Bresc BV

Eryngii scallops with salsa and citrus-butter sauce

Ingredients

4
  • 6 eryngii
  • 100 g Bresc Chunky salsa tomato
  • 50 g butter (for in the vacuum bag)
  • 50 g butter (sauce)
  • 50 g Bresc Chopped shallot
  • 1 dl white wine
  • 1 dl orange juice
  • 1 dl vegetable stock
  • 1 dl manufacturing cream
  • cress
  • salt and pepper

Preparation method

Brush the dirt off the wild mushrooms. Remove the caps and cut them into 12 thick slices (2 slices per mushroom).

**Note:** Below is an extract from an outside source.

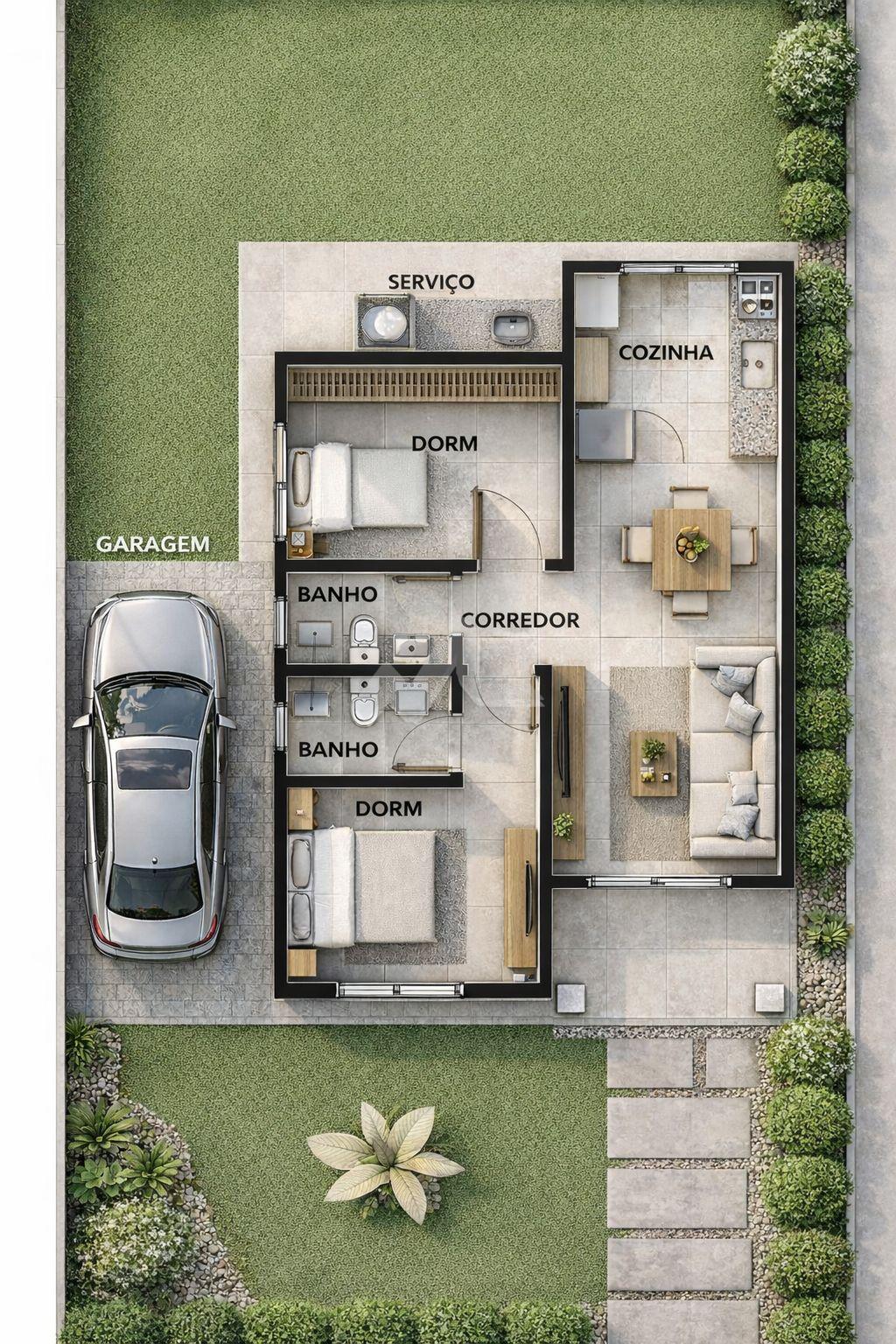 OBS: Imagem em 3D da garagem meramente ilustrativa, com finalidade exclusiva de apresentação visual do projeto, podendo sofrer ajustes e não possuindo caráter contratual.

Put the slices into a vacuum bag with some salt, pepper and butter and vacuum-seal the bag. Cook them at 80 ℃ for 20 minutes. Allow to cool, then pat them dry. Reduce the white wine, orange juice, stock and shallot to one third of the original quantity. Add the cream to the reduced mixture and bring to the boil. Strain the sauce and thicken with the butter. Fry the “scallops” in oil until they are golden-brown and season with salt and pepper. Spoon the chunky salsa on a plate and arrange three eryngii scallops on top. Lastly, add the citrus sauce and cress.